Data records

# # # # # # #

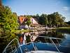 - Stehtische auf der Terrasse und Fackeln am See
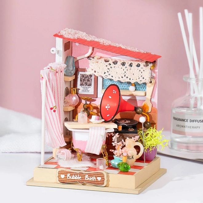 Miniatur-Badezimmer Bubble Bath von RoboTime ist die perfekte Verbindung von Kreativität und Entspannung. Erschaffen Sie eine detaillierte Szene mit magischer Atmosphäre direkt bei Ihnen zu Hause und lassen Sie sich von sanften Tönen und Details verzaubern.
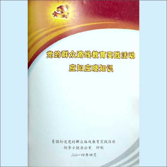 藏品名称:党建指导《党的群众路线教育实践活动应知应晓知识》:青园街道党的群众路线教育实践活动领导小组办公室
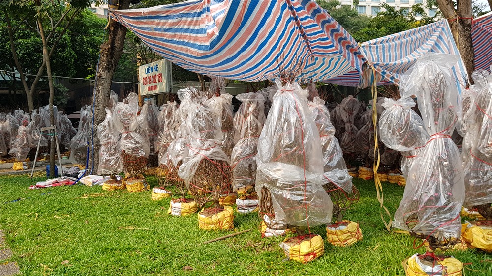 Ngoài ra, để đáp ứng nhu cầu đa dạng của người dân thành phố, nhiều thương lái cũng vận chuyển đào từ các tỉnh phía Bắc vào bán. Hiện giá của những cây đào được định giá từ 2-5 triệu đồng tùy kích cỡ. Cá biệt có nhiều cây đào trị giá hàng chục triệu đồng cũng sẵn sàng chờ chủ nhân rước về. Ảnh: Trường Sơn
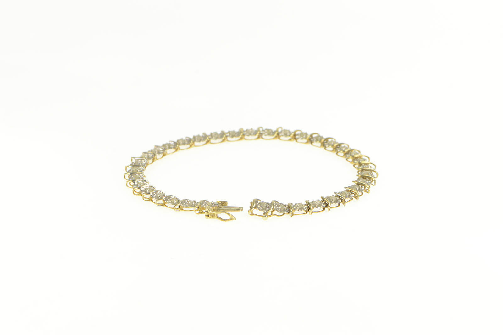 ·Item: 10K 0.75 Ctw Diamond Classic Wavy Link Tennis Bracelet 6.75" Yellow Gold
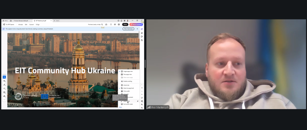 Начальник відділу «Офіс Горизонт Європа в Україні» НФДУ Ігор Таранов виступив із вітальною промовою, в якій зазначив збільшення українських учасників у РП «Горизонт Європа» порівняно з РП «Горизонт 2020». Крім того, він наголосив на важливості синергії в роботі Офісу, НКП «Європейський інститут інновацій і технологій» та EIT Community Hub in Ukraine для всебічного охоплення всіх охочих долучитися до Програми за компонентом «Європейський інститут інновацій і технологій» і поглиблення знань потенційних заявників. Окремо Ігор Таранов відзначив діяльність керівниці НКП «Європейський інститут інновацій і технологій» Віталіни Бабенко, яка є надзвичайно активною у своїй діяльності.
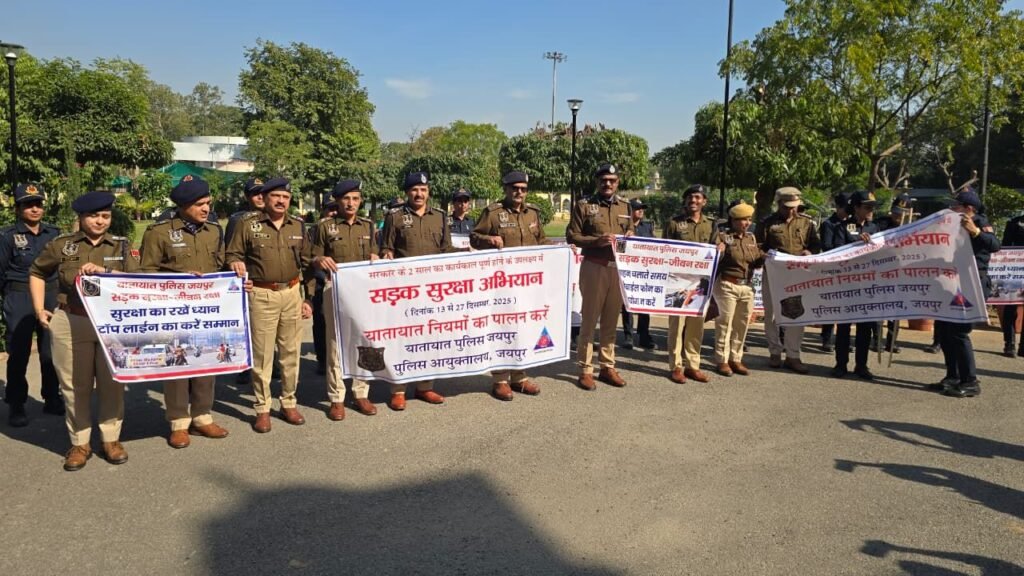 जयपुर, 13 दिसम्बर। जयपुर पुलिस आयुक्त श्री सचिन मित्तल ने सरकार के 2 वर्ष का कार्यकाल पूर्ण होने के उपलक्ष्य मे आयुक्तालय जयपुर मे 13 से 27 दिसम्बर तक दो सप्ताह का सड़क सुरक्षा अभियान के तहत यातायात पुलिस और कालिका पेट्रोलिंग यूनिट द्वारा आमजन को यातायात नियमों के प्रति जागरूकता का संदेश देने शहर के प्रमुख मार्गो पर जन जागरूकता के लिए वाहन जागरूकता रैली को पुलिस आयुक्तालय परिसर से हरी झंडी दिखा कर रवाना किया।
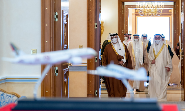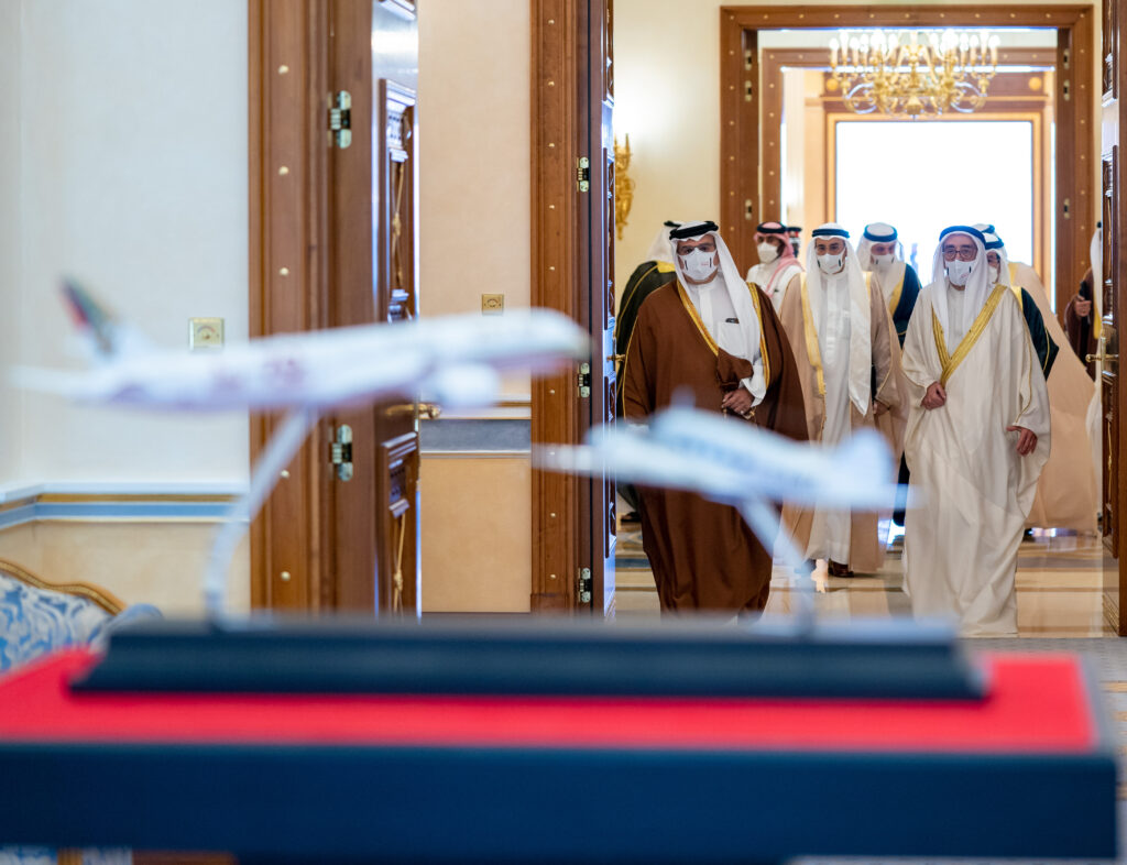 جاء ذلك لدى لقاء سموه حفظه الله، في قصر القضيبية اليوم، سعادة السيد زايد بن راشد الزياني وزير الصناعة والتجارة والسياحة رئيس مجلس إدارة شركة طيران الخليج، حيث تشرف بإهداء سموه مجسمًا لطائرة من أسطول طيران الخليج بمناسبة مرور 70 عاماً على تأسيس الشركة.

# # # # # # #

Working from the entries above, reproduce exactly and only the lines beginning with the line that has "藏品名称:党建指导《党的群众" and ending with the line that has "10K 0.75 Ctw"; omit all pictures.

 藏品名称:党建指导《党的群众路线教育实践活动应知应晓知识》:青园街道党的群众路线教育实践活动领导小组办公室
 Ngoài ra, để đáp ứng nhu cầu đa dạng của người dân thành phố, nhiều thương lái cũng vận chuyển đào từ các tỉnh phía Bắc vào bán. Hiện giá của những cây đào được định giá từ 2-5 triệu đồng tùy kích cỡ. Cá biệt có nhiều cây đào trị giá hàng chục triệu đồng cũng sẵn sàng chờ chủ nhân rước về. Ảnh: Trường Sơn
 ·Item: 10K 0.75 Ctw Diamond Classic Wavy Link Tennis Bracelet 6.75" Yellow Gold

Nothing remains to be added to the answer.